Are there other aspects I haven't considered? Is this code safe if streams are parallelised?
If not would using the collection's iterator fix the problem? (code below). Or would it be best to use imperative programming instead? In what cases is shared mutability OK within the stream
public class App {
Set<String> keysToUpdate;
HashMap<String, List<String>> cache;
void buildCache(){
keysToUpdate.stream()
.filter(k -> true)// some filter
.collect(Collectors.toList()) // Collect before iterating
.forEach(
key ->{
// now values list comes from outside the stream pipeline
List<String> values = cache.computeIfAbsent(key, k -> new ArrayList<>());
getValuesforKey(key)
.stream()
.filter(k -> true) 、、another filter
.collect(Collectors.toList()) // Collect before iterating
// side effects are introduced
.forEach(value -> {
//some other operation, for example logging the values added like
// log.info("{} value added", value);
values.add(value);
}
);
}
);
}
private List<String> getValuesforKey(String key) {
//some method to get the values for the key
return new ArrayList<>();
}
}
When dealing with multithreading, the question to be answered is whether race conditions may happen (that is, if two or more different threads may access the same resource at the same time with at least one of them trying to modify it).
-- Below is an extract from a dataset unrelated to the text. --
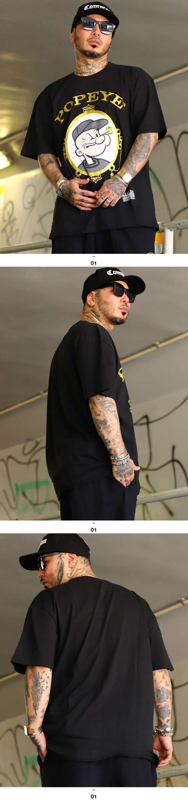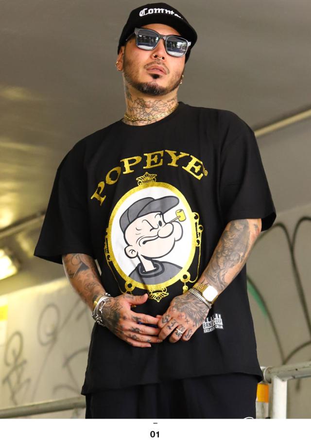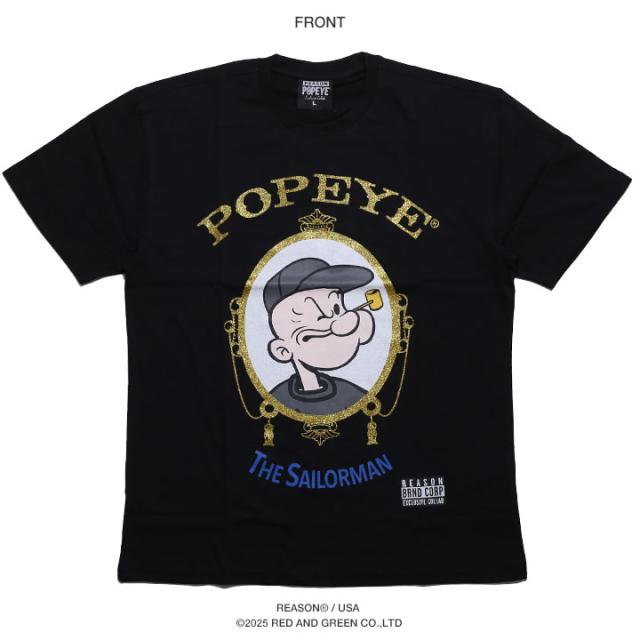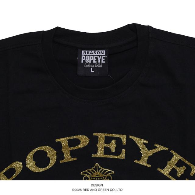 ラスト1点【40%OFF】REASON × ポパイ Tシャツ 半袖 メンズ 黒 大きいサイズ Popeye 限定 コラボ 公式 リーズン シンプル ブランドロゴ ラッパー グリッター 金プリント ゴールドプリント ビッグシルエット b系 ヒップホップ ストリート系 ハイ 服 2025春夏 POP47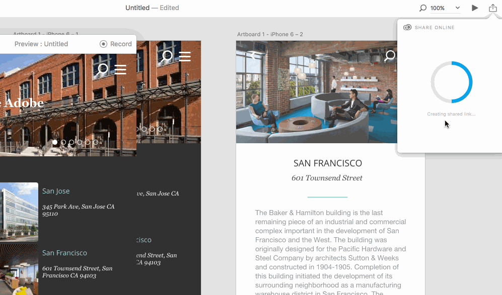 We have also added hotspot hinting to the shared prototypes on the web. If a viewer of a prototype clicks on an area of the screen with no interactions, they will see a rectangle highlighting the areas of a screen that someone can click. This should make prototypes more usable. In the future, we will add options to turn this highlighting of hotspots on and off.

In your example, the computeIfAbsent method will modify your map if the requested key is not already there. So, two threads can potentially modify the same resource (the cache object). To avoid this, you can obtain (at the beginning of the buildCache method) a thread-safe version of your map by using Collections.synchronizedMap() and then operate on the returned map.
For what regards the values list, safety depends on whether two threads may operate on the same key, and thus modify the same list. In your examples, keys are a unique as being obtained from a set, so the code is safe.
Side note: the expected increase of performance depends on the amount of processing that the getValuesForKey method has to perform. If negligible, most threads will just be waiting for a lock on the map, thus making the performance increase also minimal.